Write each entry again exactly as shown, but without the images it holds.

╭─ Data extracts

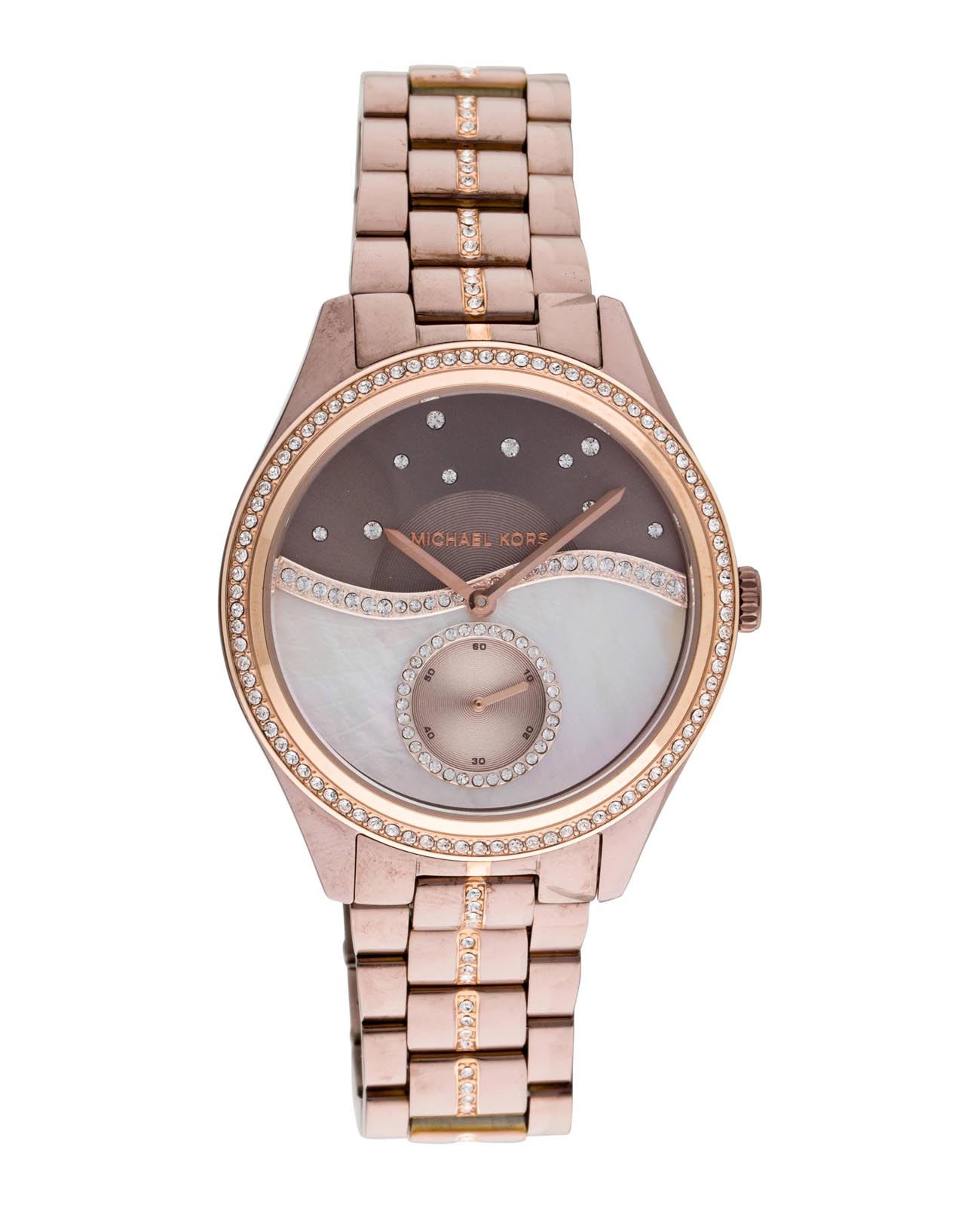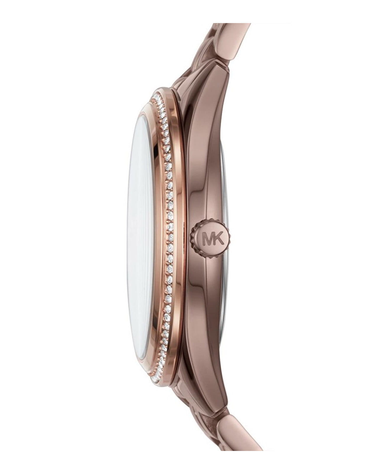 Женские американские часы Michael Kors Lauryn MK3757, кварцевый механизм с высокой точностью. Минеральное стеклоМинеральное стеклоМинеральное стекло представляет собой искусственно выращенный минерал кварца. Такое стекло отличается особой устойчивостью к повреждениям и царапинам. Уступает по некоторым качествам сапфировому стеклу., устойчивое к мелким механическим повреждениям. Корпус часов выполнен из нержавеющей стали с PVD-покрытиемPVDУльтратонкое покрытие наносится в технике вакуумного напыления, сочетает в себе нитрид титана особой прочности со слоем золота или оксида хрома. Несёт в себе декоративную или защитную функцию.. Циферблат украшен кристаллами. Класс водозащиты: 50 метров, позволит защитить корпус от случайных брызг или капель дождя. Стальной браслет с PVD-покрытиемPVDУльтратонкое покрытие наносится в технике вакуумного напыления, сочетает в себе нитрид титана особой прочности со слоем золота или оксида хрома. Несёт в себе декоративную или защитную функцию. частично украшен кристаллами на раскладной застёжкеРаскладная застёжкаТакой тип застёжки используется только на браслетах из металла. Она никогда не раскрывается полностью, происходит разделение на 2 и более частей. Раскладывающая застёжка снизит вероятность потери часов к минимуму..
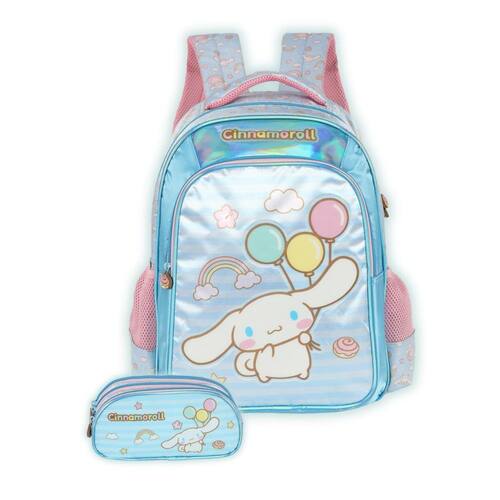 Kit Mochila Cinnamoroll Costas E Estojo Triplo Escolar Kids
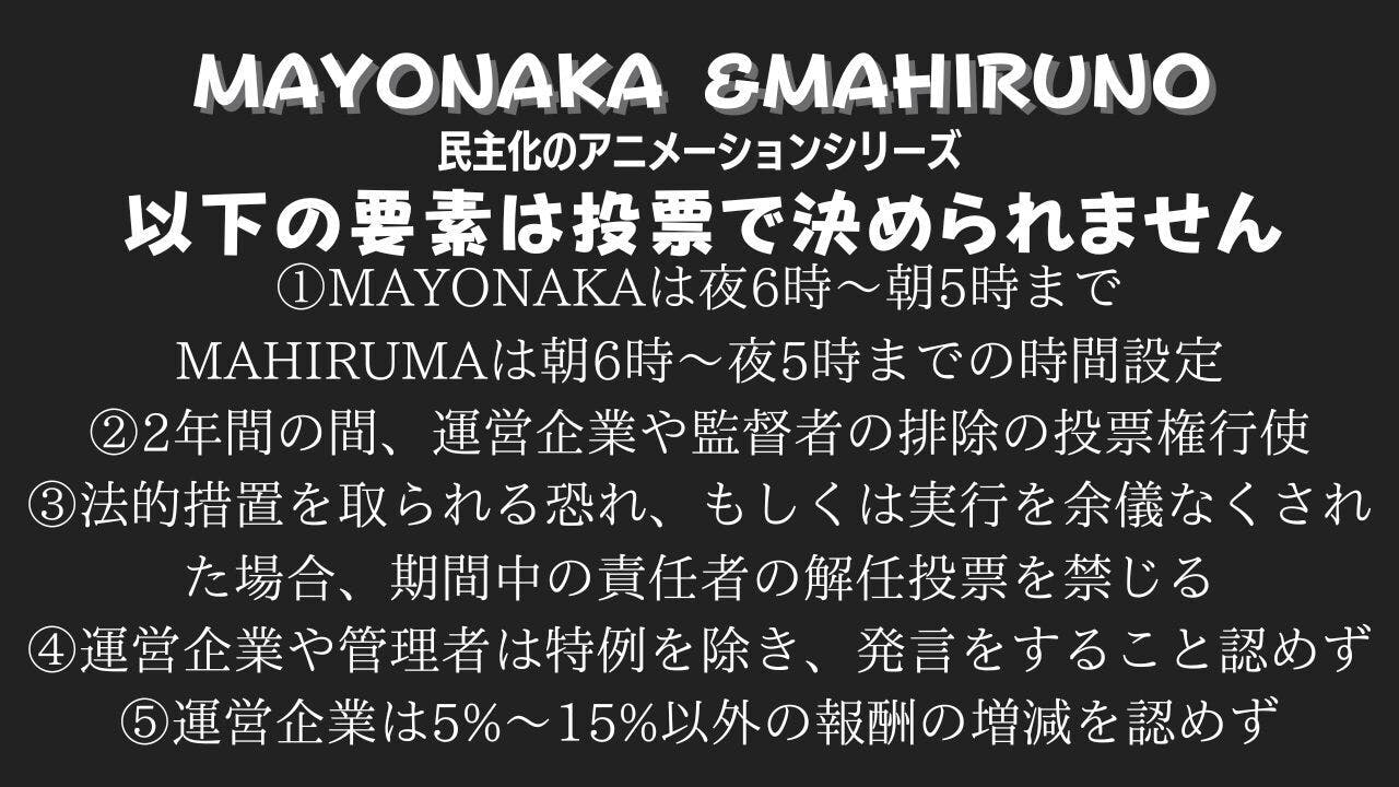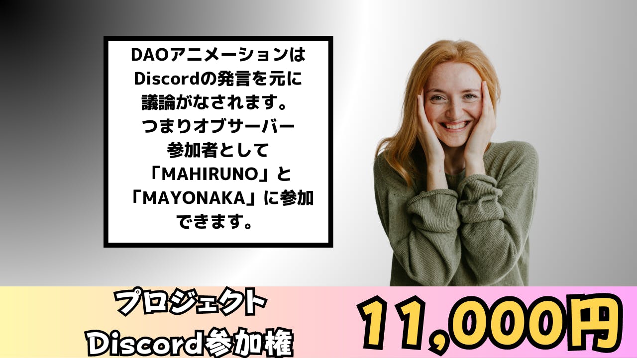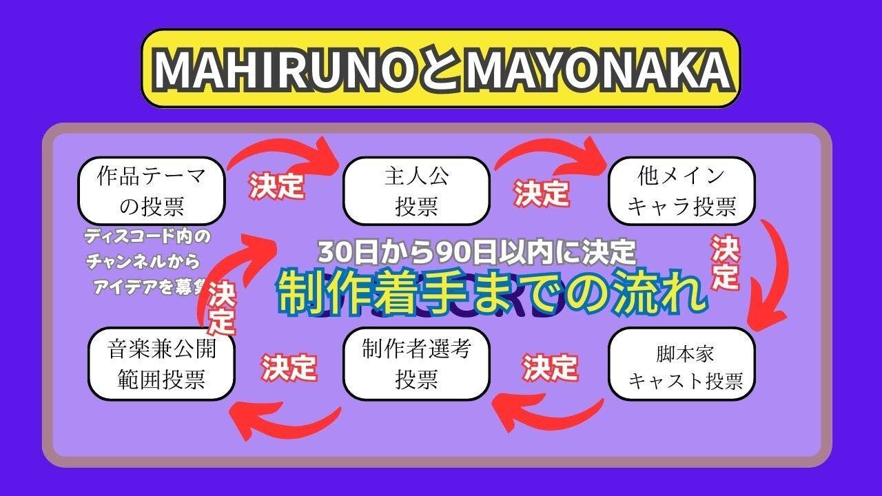今回のプロジェクトのMAHIRUNOとMAYONAKAは意思決定が製作委員会方式でもスポンサーでもなく、購入者がDiscord内で議論し、議論した結果を元に多数決を行い、その意思決定を管理会社が忠実に実行するシステムです。
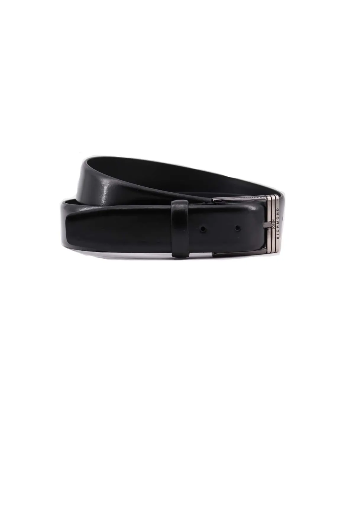 Cintura in pelle liscia con fibbia in metallo brunito, logo John Richmond nel passante, altezza cm3, Made in Italy, vera pelle.
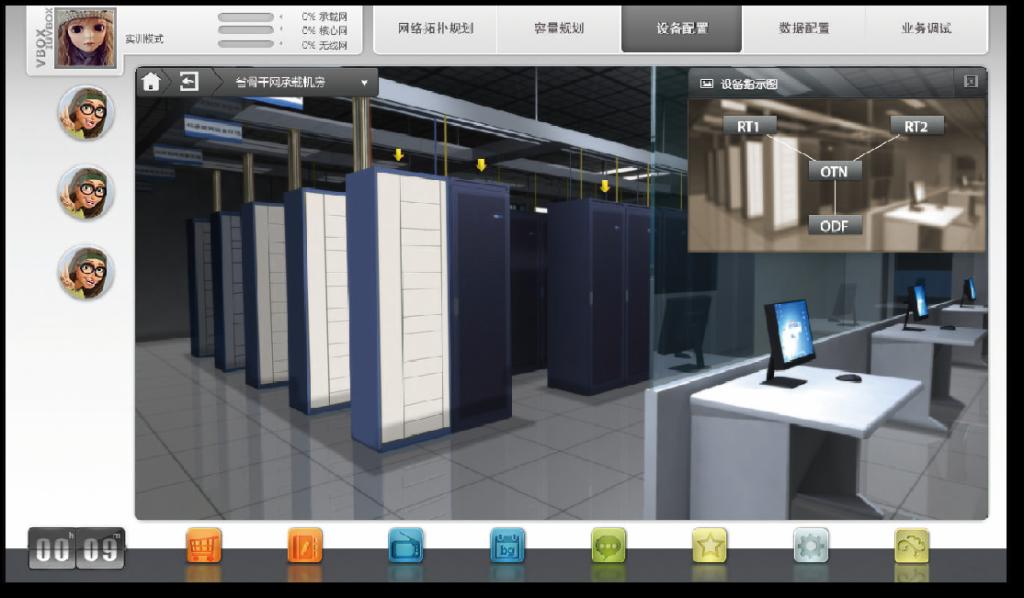 实验机房主要涉及平台有“数据通信、PTN光传输、XPON光接入、现代交换技术4G-LTE基础通信、配套教学的还有4G全网建设仿真软件,PTN仿真软件,3G(TD-SCDMA)仿真软件,网络优化CXA\CXT软件,”采用了中兴通讯目前最先进的设备,而且是与电信运营商现网运行设备完全一致的设备。旨在打造一个与现网完全一致的真实环境,起到教学和科研两方面作用:教学方面采用“理实结合方式”让我们的员工在一个与现网完全一致的设备环境中学习、实践,未来到工作岗位后在技术技能方面实现无缝对接。科研方面也是我们基地进行科研工作的硬件环境。
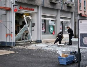 Law enforcement officers investigate the scene following an attack on bank ATMs in Ratingen, Germany, March 15, 2023. Courtesy of Achim Blazy/Handout via REUTERS
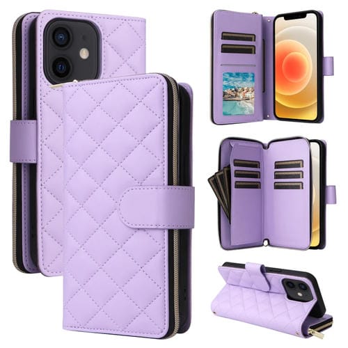 Estuche para teléfono iPhone 12 Mini de cuero con hebilla de torre y cremallera rómbica cruzada con cordón (Púrpura)
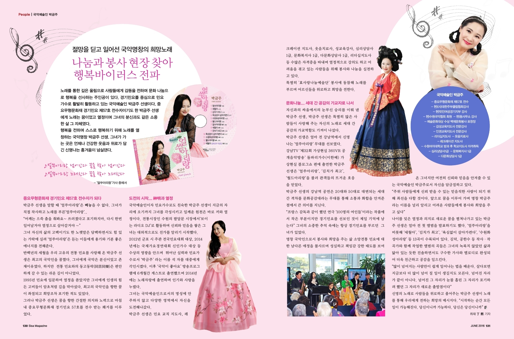 국악예술인 박금주, 나눔과 봉사 현장 찾아 행복바이러스 전파
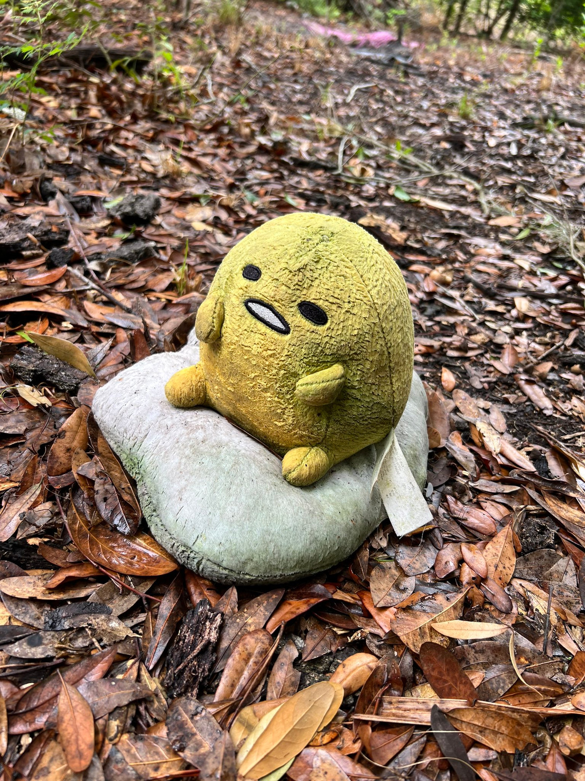 La peluche représente Gudetama, un personnage de dessin animé japonais. Il appartient à Sanrio, la société qui a créé Hello Kitty.

╰─

Task response
 Женские американские часы Michael Kors Lauryn MK3757, кварцевый механизм с высокой точностью. Минеральное стеклоМинеральное стеклоМинеральное стекло представляет собой искусственно выращенный минерал кварца. Такое стекло отличается особой устойчивостью к повреждениям и царапинам. Уступает по некоторым качествам сапфировому стеклу., устойчивое к мелким механическим повреждениям. Корпус часов выполнен из нержавеющей стали с PVD-покрытиемPVDУльтратонкое покрытие наносится в технике вакуумного напыления, сочетает в себе нитрид титана особой прочности со слоем золота или оксида хрома. Несёт в себе декоративную или защитную функцию.. Циферблат украшен кристаллами. Класс водозащиты: 50 метров, позволит защитить корпус от случайных брызг или капель дождя. Стальной браслет с PVD-покрытиемPVDУльтратонкое покрытие наносится в технике вакуумного напыления, сочетает в себе нитрид титана особой прочности со слоем золота или оксида хрома. Несёт в себе декоративную или защитную функцию. частично украшен кристаллами на раскладной застёжкеРаскладная застёжкаТакой тип застёжки используется только на браслетах из металла. Она никогда не раскрывается полностью, происходит разделение на 2 и более частей. Раскладывающая застёжка снизит вероятность потери часов к минимуму..
 Kit Mochila Cinnamoroll Costas E Estojo Triplo Escolar Kids
今回のプロジェクトのMAHIRUNOとMAYONAKAは意思決定が製作委員会方式でもスポンサーでもなく、購入者がDiscord内で議論し、議論した結果を元に多数決を行い、その意思決定を管理会社が忠実に実行するシステムです。
 Cintura in pelle liscia con fibbia in metallo brunito, logo John Richmond nel passante, altezza cm3, Made in Italy, vera pelle.
 实验机房主要涉及平台有“数据通信、PTN光传输、XPON光接入、现代交换技术4G-LTE基础通信、配套教学的还有4G全网建设仿真软件,PTN仿真软件,3G(TD-SCDMA)仿真软件,网络优化CXA\CXT软件,”采用了中兴通讯目前最先进的设备,而且是与电信运营商现网运行设备完全一致的设备。旨在打造一个与现网完全一致的真实环境,起到教学和科研两方面作用:教学方面采用“理实结合方式”让我们的员工在一个与现网完全一致的设备环境中学习、实践,未来到工作岗位后在技术技能方面实现无缝对接。科研方面也是我们基地进行科研工作的硬件环境。
 Law enforcement officers investigate the scene following an attack on bank ATMs in Ratingen, Germany, March 15, 2023. Courtesy of Achim Blazy/Handout via REUTERS
 Estuche para teléfono iPhone 12 Mini de cuero con hebilla de torre y cremallera rómbica cruzada con cordón (Púrpura)
 국악예술인 박금주, 나눔과 봉사 현장 찾아 행복바이러스 전파
 La peluche représente Gudetama, un personnage de dessin animé japonais. Il appartient à Sanrio, la société qui a créé Hello Kitty.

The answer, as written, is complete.